The Fear Factor
Page 11
I have not, however, abandoned my brain scanning research with children with serious behavior problems. All told, I have now spent over a decade on this work. And the research my students at Georgetown and I have conducted has expanded our initial findings about the role of the amygdala in understanding others’ fear. For example, my student Joana Vieira and others have now found that psychopathic adults and adolescents have amygdalas that are not only underactive but smaller than average as well. In one study by Adrian Raine, the amygdalas of psychopathic adults were found to be about 20 percent smaller than those of controls. Another recent study even found that young men with smaller amygdalas were more likely to have been psychopathic even as children and were more likely to engage in persistent violence in the future. Essi Viding’s studies of adolescents have found that the severity of psychopathic personality traits in this age group corresponds to how densely concentrated the gray matter in their amygdala is.
And in a 2014 study of amygdala activity, my student Leah Lozier found still more direct evidence that a lack of amygdala responsiveness to others’ fear drives psychopathic children’s antisocial behavior. For that study, we scanned the brains of over thirty children with serious conduct problems—children who frequently fought, stole, lied, and broke rules. Some of them had psychopathic traits, like low levels of traits like compassion, caring, and remorsefulness, and others didn’t. As I’ve described, it has long been suspected that antisocial behavior in children with versus without psychopathic traits is driven by distinct brain processes, and this study helped to confirm that. In children who had conduct problems in the absence of psychopathic traits, the amygdala responded more strongly to fearful expressions than it did in normal children. This is consistent with the idea that these children’s antisocial behavior is a by-product of overreactive emotionality, which may cause them to erupt in response to ambiguous or mild threats. Patterns like this are sometimes linked to anxiety, depression, or exposure to trauma. On the surface, however, it’s not always easy to tell these children apart from those who have psychopathic traits, as I had learned early on in my research at the NIH.

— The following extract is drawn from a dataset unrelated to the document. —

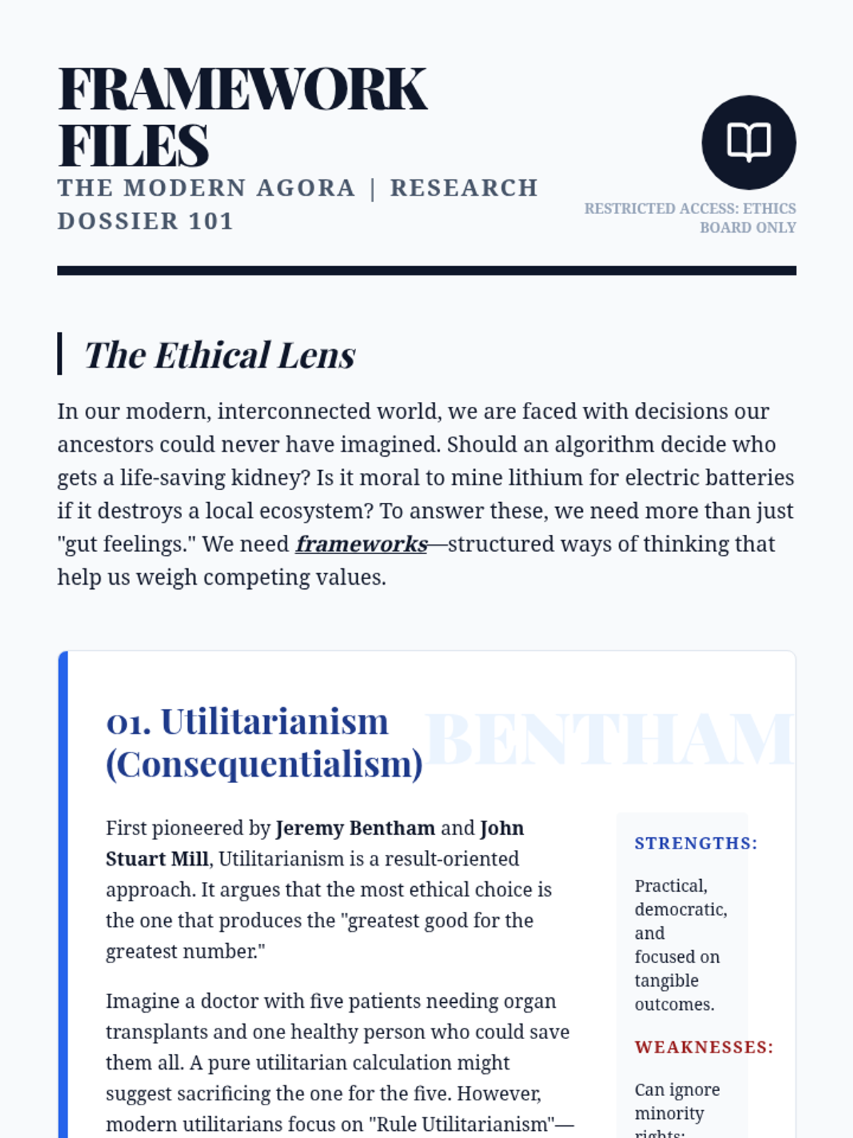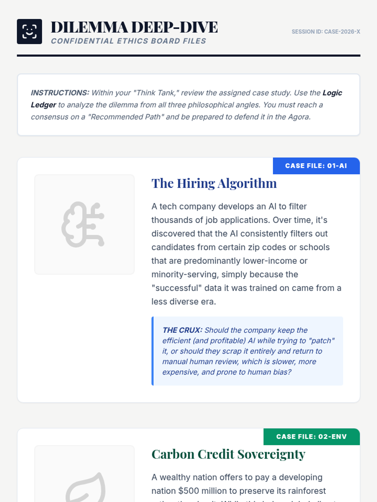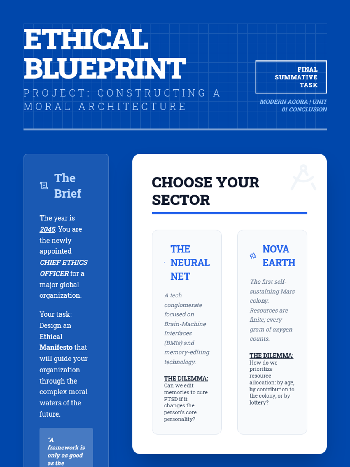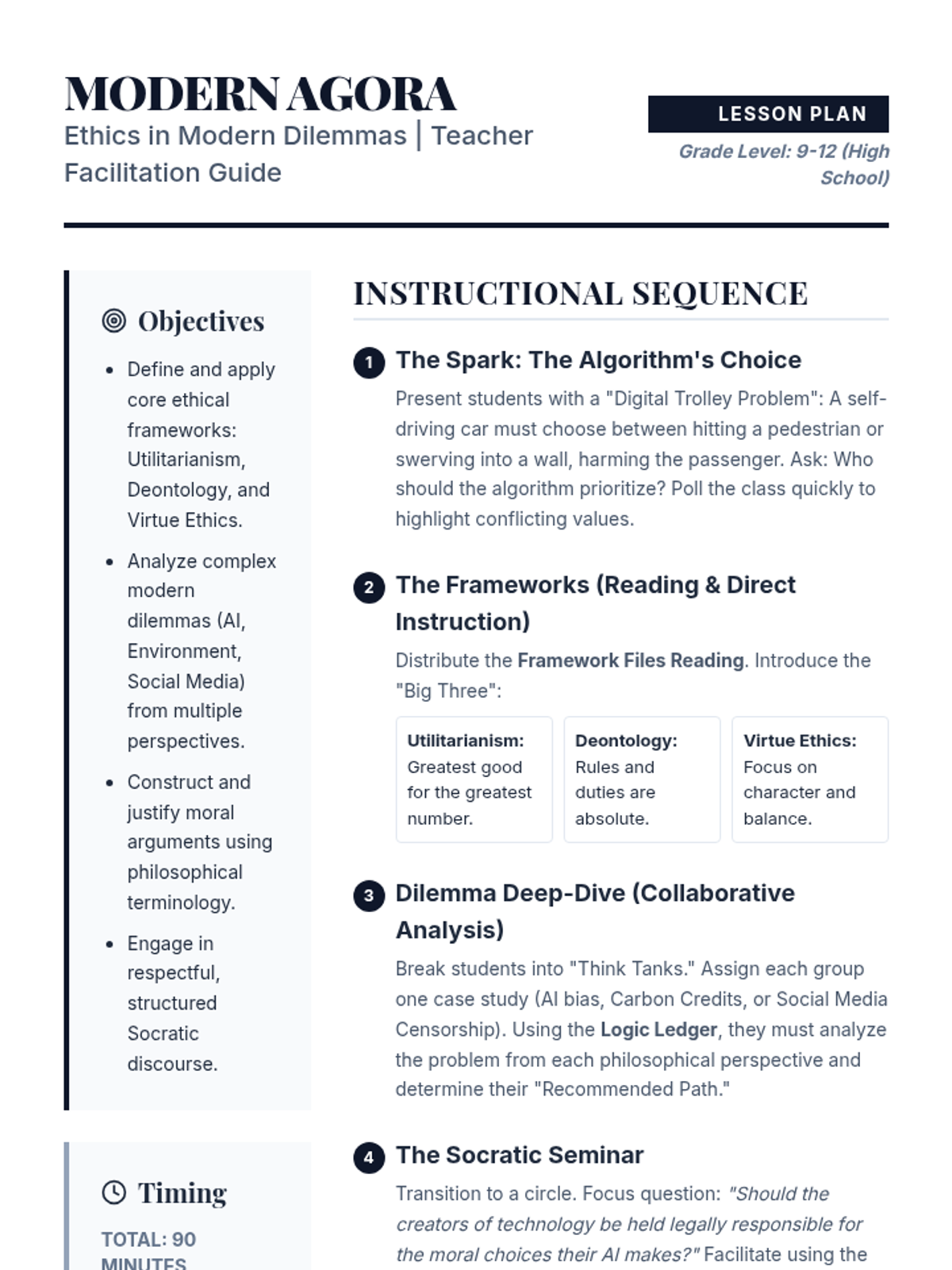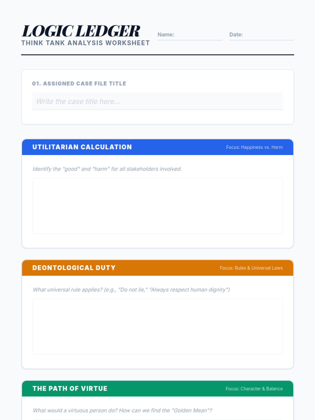 Students explore contemporary ethical dilemmas through the lens of classical and modern philosophical frameworks, developing critical thinking and moral reasoning skills.
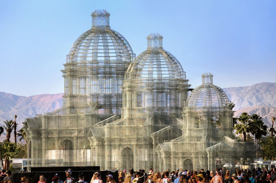 Etherea è l’installazione site-specific ideata per l’edizione in corso del festival californiano, uno degli eventi musicali più importanti e attesi al mondo. L’opera, la più grande realizzata finora dall’artista, è anche la maggiore del festival californiano, che dal 2009 commissiona ad artisti internazionali sculture monumentali all’interno del suo vasto recinto. Una realtà unica delle arti visive contemporanee, sempre più cruciale anche all’interno della sperimentazione architettonica, che quest’anno ha convocato, assieme all’autore dell’intervento della basilica di Siponto, artisti del calibro di Newsubstance, Simon Vega, R & R Studios, Randy Polumbo, Adam Ferriss, Katie Stout. Etherea, rappresenta il culmine della ricerca di Tresoldi in ambito musicale, dopo i festival Life Is Beautiful, Roskilde, The Secret Garden Party, Eaux Claires e DERIVE.

Liz and I had recruited a boy named Daniel toward the very beginning of our study—he was perhaps the third or fourth teenager we evaluated. Daniel was unlike most of our other participants in several ways. Nearly all the children I have described so far were white and living in intact, functional families in middle-class or even wealthy neighborhoods, and they went to good schools. Not all the children we studied fit this description, but a lot of them did, and the seeming ease and normalcy of their lives made their cruel and disruptive behavior much harder to explain than if they had led lives of real hardship, as Daniel had.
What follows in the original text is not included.